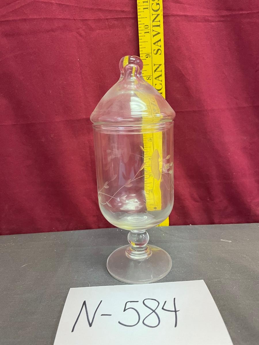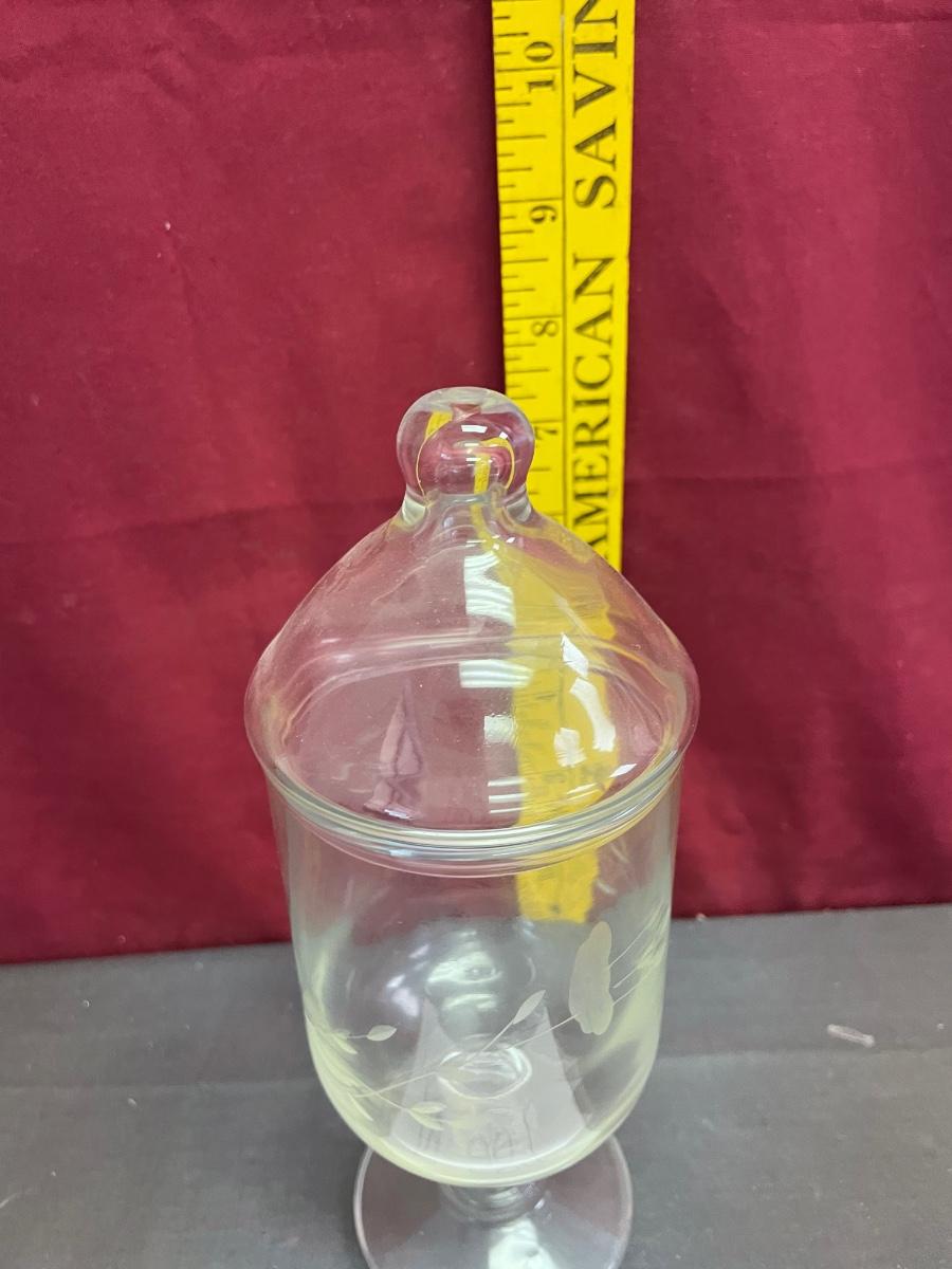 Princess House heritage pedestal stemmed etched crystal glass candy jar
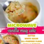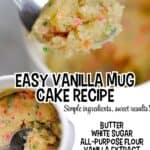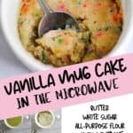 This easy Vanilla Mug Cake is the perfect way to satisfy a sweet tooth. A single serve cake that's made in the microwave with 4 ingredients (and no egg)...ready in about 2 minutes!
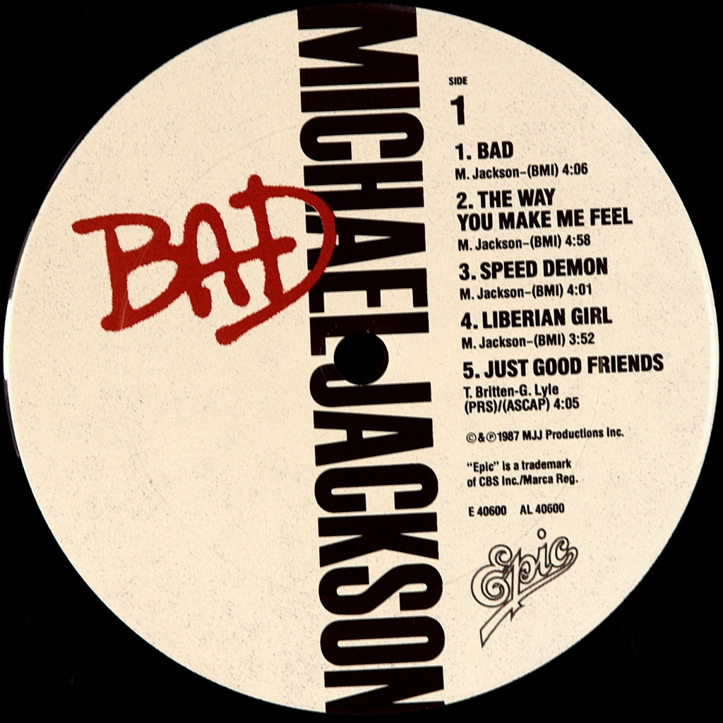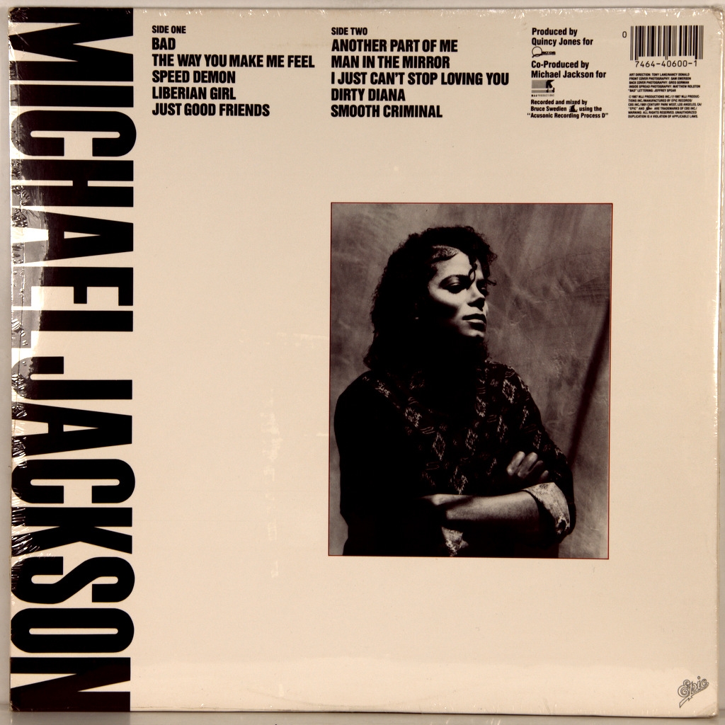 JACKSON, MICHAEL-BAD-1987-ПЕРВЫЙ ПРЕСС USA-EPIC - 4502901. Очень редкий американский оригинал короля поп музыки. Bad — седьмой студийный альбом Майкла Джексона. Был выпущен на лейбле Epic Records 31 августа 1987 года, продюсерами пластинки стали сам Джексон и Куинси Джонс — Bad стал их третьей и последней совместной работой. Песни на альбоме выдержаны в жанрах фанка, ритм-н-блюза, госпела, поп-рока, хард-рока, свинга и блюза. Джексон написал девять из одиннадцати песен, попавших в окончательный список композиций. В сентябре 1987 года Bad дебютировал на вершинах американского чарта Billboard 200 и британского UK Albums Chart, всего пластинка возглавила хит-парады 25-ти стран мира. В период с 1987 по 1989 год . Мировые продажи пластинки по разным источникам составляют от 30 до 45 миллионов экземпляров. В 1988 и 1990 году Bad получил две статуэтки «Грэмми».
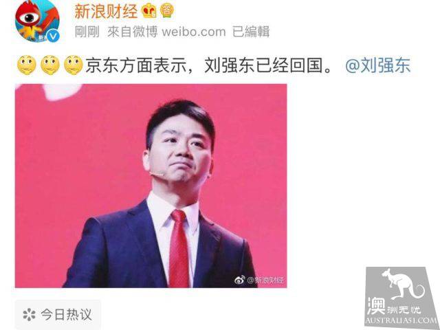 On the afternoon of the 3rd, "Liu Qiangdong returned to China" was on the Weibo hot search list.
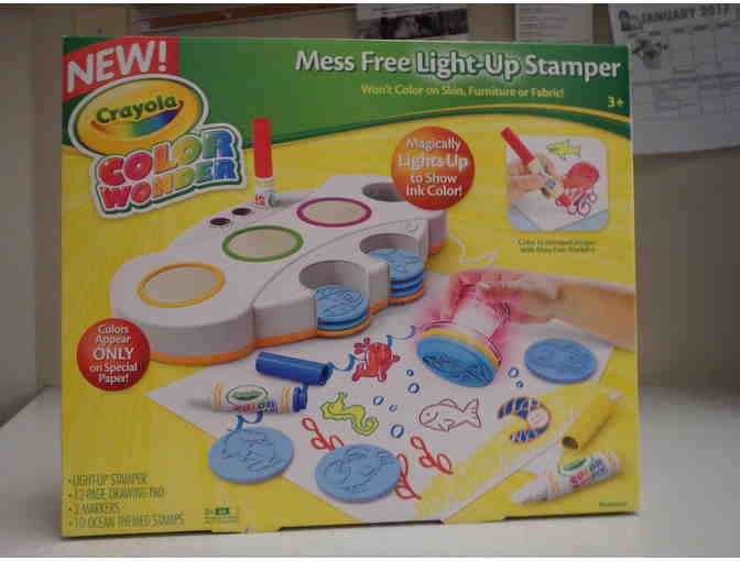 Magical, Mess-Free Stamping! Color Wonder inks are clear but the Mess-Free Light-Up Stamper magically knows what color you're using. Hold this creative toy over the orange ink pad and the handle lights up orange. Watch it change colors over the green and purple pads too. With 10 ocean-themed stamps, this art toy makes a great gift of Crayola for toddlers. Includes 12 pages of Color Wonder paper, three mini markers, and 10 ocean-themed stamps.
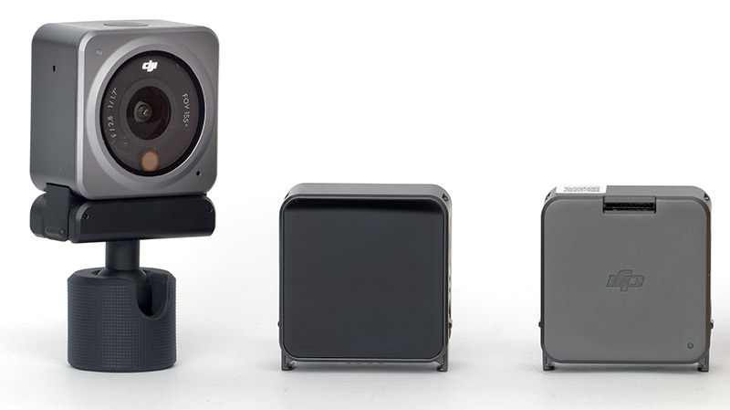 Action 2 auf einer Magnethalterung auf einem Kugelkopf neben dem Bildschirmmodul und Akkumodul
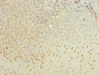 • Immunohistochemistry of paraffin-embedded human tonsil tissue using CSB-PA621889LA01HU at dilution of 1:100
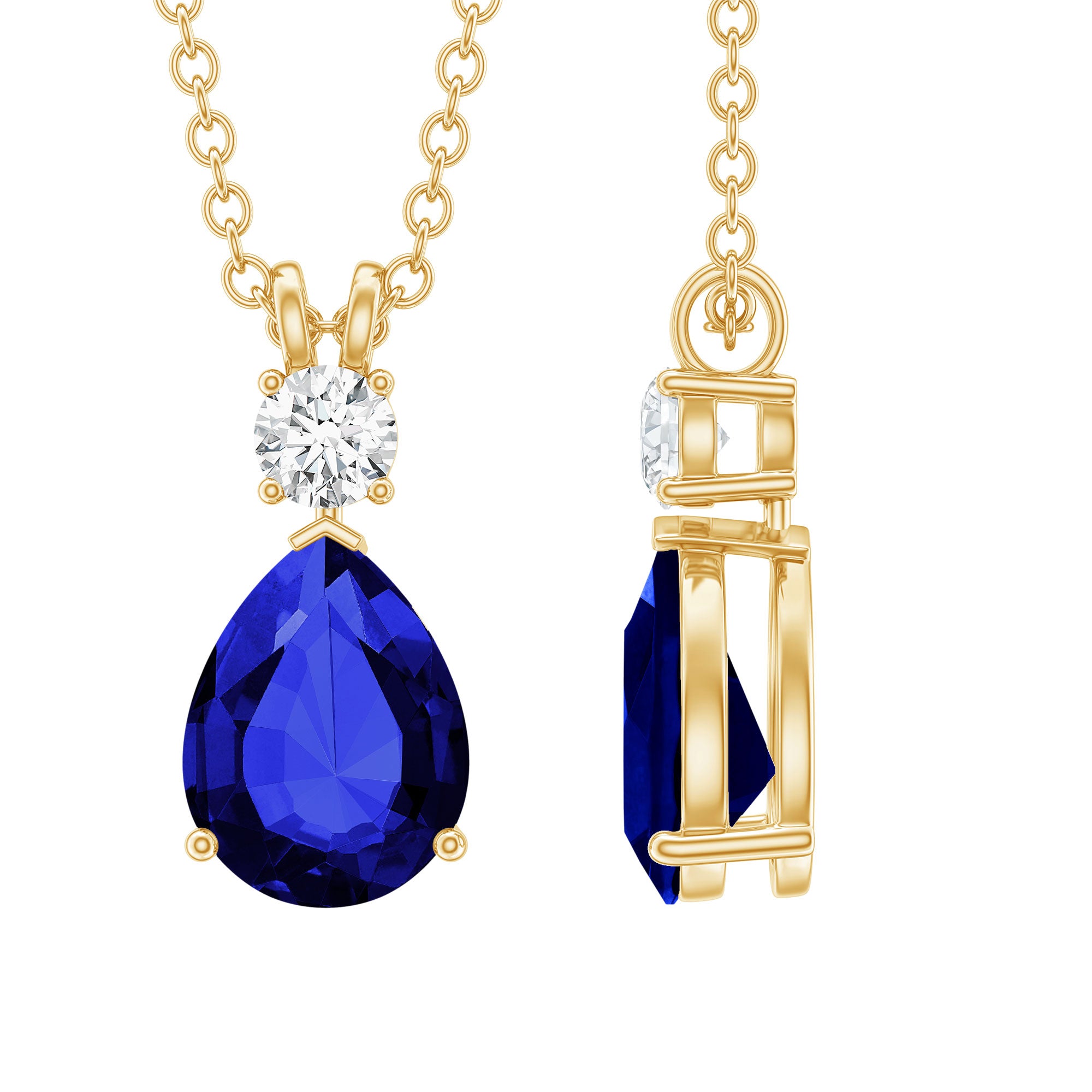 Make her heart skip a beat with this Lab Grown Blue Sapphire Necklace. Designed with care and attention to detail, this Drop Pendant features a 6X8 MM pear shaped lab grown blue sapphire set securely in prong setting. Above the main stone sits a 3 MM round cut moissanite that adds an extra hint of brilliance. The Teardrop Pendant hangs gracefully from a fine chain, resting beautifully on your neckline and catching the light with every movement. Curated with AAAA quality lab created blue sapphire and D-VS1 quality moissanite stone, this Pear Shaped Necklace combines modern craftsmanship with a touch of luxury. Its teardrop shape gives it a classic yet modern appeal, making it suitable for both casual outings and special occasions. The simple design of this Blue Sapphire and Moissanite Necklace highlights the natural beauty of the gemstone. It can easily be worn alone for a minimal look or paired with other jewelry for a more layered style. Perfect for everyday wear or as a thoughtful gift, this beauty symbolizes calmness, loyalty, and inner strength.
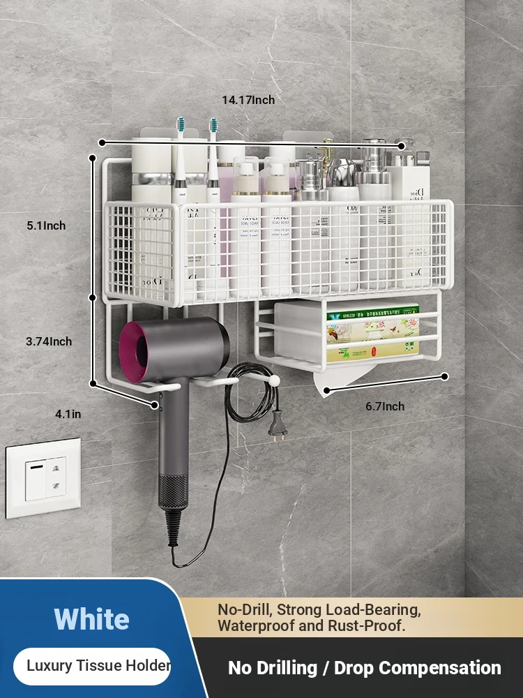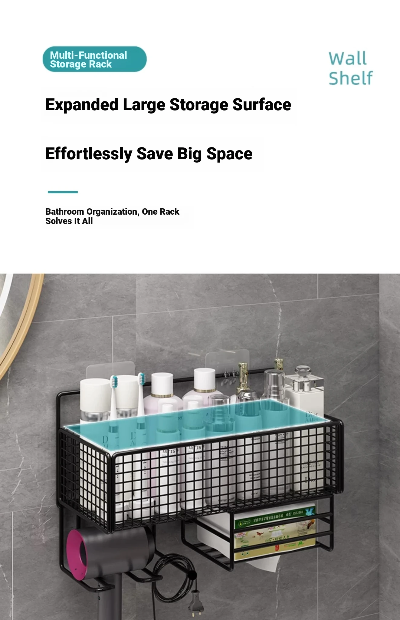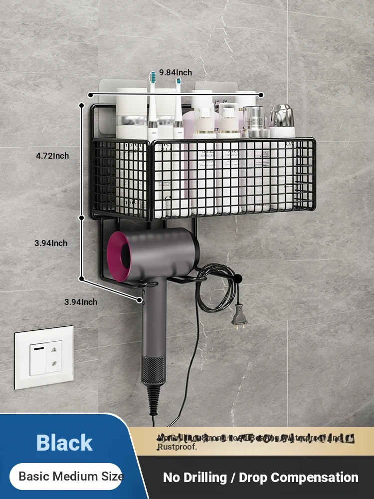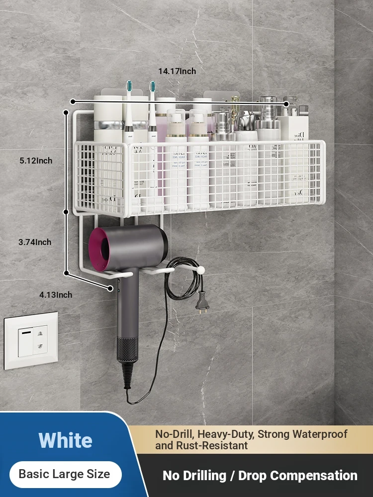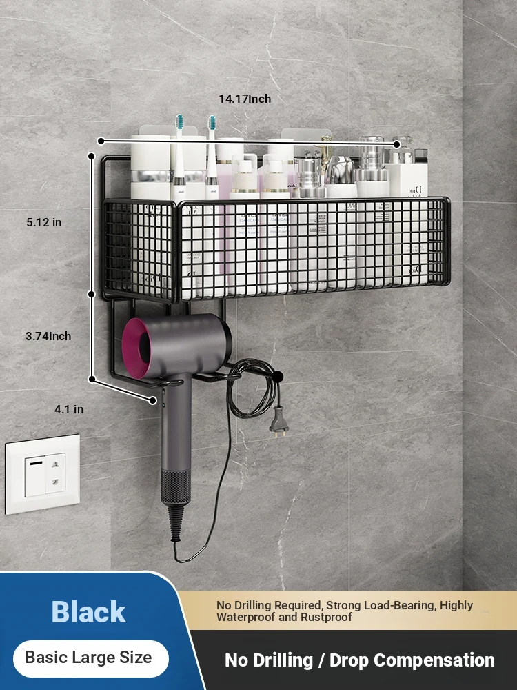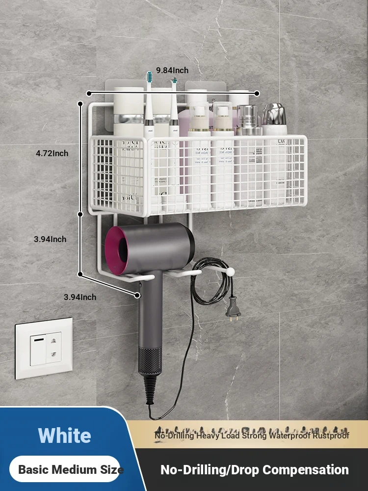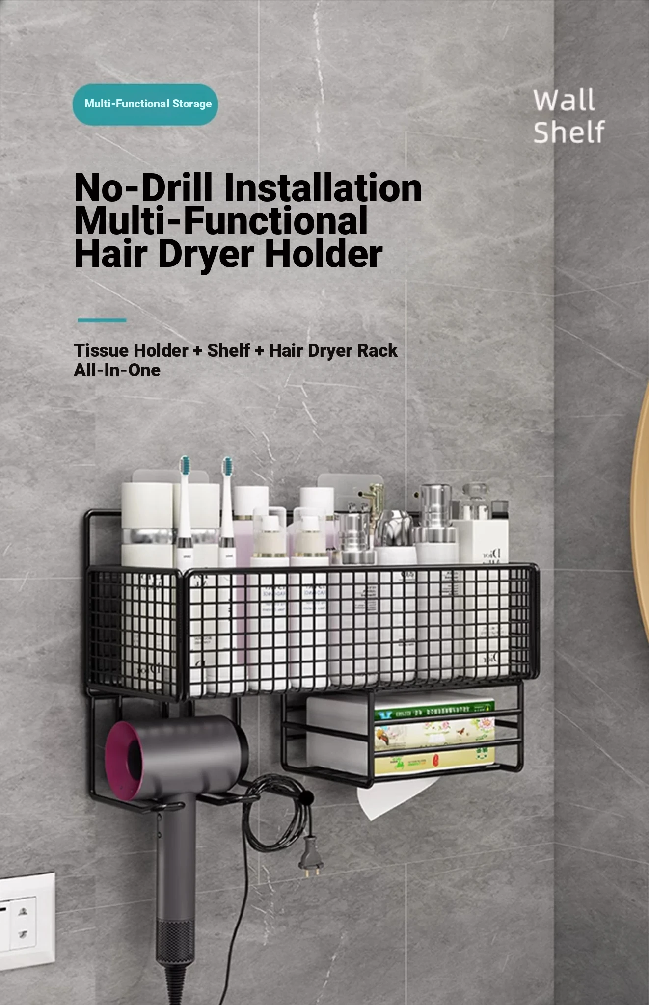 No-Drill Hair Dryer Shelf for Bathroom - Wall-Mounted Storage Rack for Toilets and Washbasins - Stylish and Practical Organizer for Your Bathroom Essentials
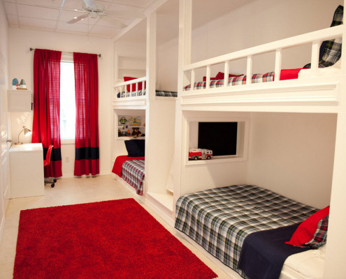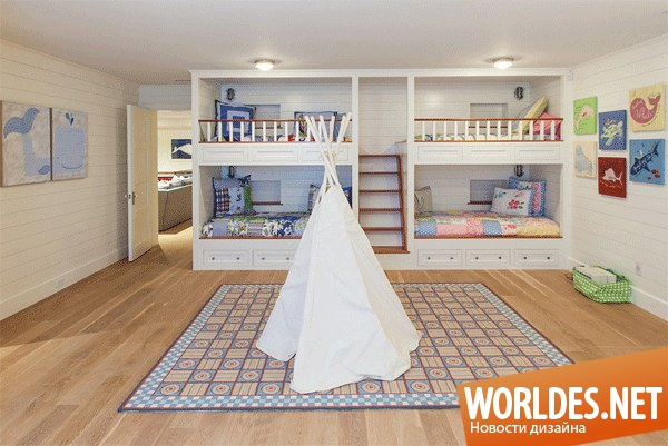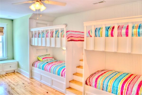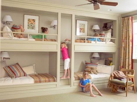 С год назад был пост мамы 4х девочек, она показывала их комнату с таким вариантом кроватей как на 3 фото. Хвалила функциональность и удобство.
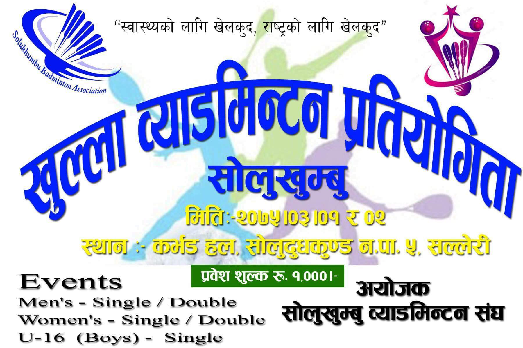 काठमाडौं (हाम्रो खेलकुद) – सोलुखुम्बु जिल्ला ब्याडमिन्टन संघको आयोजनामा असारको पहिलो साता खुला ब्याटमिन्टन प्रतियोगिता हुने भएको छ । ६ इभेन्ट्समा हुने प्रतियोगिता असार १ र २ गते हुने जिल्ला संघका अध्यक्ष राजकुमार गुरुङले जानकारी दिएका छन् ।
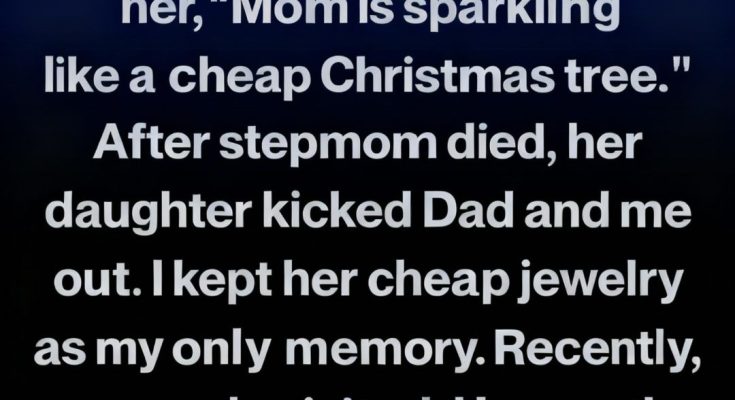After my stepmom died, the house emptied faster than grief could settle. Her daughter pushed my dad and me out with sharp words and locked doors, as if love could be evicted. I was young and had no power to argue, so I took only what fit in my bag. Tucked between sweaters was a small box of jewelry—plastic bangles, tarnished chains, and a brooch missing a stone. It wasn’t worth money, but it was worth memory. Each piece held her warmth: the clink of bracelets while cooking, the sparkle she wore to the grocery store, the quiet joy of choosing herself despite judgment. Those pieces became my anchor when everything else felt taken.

○ ○ ○ ○ ○

## How to complete this task
The material above holds pictures; copy everything else in it exactly.

## Answer section
 Princess House heritage pedestal stemmed etched crystal glass candy jar
 This easy Vanilla Mug Cake is the perfect way to satisfy a sweet tooth. A single serve cake that's made in the microwave with 4 ingredients (and no egg)...ready in about 2 minutes!
 JACKSON, MICHAEL-BAD-1987-ПЕРВЫЙ ПРЕСС USA-EPIC - 4502901. Очень редкий американский оригинал короля поп музыки. Bad — седьмой студийный альбом Майкла Джексона. Был выпущен на лейбле Epic Records 31 августа 1987 года, продюсерами пластинки стали сам Джексон и Куинси Джонс — Bad стал их третьей и последней совместной работой. Песни на альбоме выдержаны в жанрах фанка, ритм-н-блюза, госпела, поп-рока, хард-рока, свинга и блюза. Джексон написал девять из одиннадцати песен, попавших в окончательный список композиций. В сентябре 1987 года Bad дебютировал на вершинах американского чарта Billboard 200 и британского UK Albums Chart, всего пластинка возглавила хит-парады 25-ти стран мира. В период с 1987 по 1989 год . Мировые продажи пластинки по разным источникам составляют от 30 до 45 миллионов экземпляров. В 1988 и 1990 году Bad получил две статуэтки «Грэмми».
 On the afternoon of the 3rd, "Liu Qiangdong returned to China" was on the Weibo hot search list.
 Magical, Mess-Free Stamping! Color Wonder inks are clear but the Mess-Free Light-Up Stamper magically knows what color you're using. Hold this creative toy over the orange ink pad and the handle lights up orange. Watch it change colors over the green and purple pads too. With 10 ocean-themed stamps, this art toy makes a great gift of Crayola for toddlers. Includes 12 pages of Color Wonder paper, three mini markers, and 10 ocean-themed stamps.
 Action 2 auf einer Magnethalterung auf einem Kugelkopf neben dem Bildschirmmodul und Akkumodul
 • Immunohistochemistry of paraffin-embedded human tonsil tissue using CSB-PA621889LA01HU at dilution of 1:100
 Make her heart skip a beat with this Lab Grown Blue Sapphire Necklace. Designed with care and attention to detail, this Drop Pendant features a 6X8 MM pear shaped lab grown blue sapphire set securely in prong setting. Above the main stone sits a 3 MM round cut moissanite that adds an extra hint of brilliance. The Teardrop Pendant hangs gracefully from a fine chain, resting beautifully on your neckline and catching the light with every movement. Curated with AAAA quality lab created blue sapphire and D-VS1 quality moissanite stone, this Pear Shaped Necklace combines modern craftsmanship with a touch of luxury. Its teardrop shape gives it a classic yet modern appeal, making it suitable for both casual outings and special occasions. The simple design of this Blue Sapphire and Moissanite Necklace highlights the natural beauty of the gemstone. It can easily be worn alone for a minimal look or paired with other jewelry for a more layered style. Perfect for everyday wear or as a thoughtful gift, this beauty symbolizes calmness, loyalty, and inner strength.
 No-Drill Hair Dryer Shelf for Bathroom - Wall-Mounted Storage Rack for Toilets and Washbasins - Stylish and Practical Organizer for Your Bathroom Essentials
 С год назад был пост мамы 4х девочек, она показывала их комнату с таким вариантом кроватей как на 3 фото. Хвалила функциональность и удобство.
 काठमाडौं (हाम्रो खेलकुद) – सोलुखुम्बु जिल्ला ब्याडमिन्टन संघको आयोजनामा असारको पहिलो साता खुला ब्याटमिन्टन प्रतियोगिता हुने भएको छ । ६ इभेन्ट्समा हुने प्रतियोगिता असार १ र २ गते हुने जिल्ला संघका अध्यक्ष राजकुमार गुरुङले जानकारी दिएका छन् ।
After my stepmom died, the house emptied faster than grief could settle. Her daughter pushed my dad and me out with sharp words and locked doors, as if love could be evicted. I was young and had no power to argue, so I took only what fit in my bag. Tucked between sweaters was a small box of jewelry—plastic bangles, tarnished chains, and a brooch missing a stone. It wasn’t worth money, but it was worth memory. Each piece held her warmth: the clink of bracelets while cooking, the sparkle she wore to the grocery store, the quiet joy of choosing herself despite judgment. Those pieces became my anchor when everything else felt taken.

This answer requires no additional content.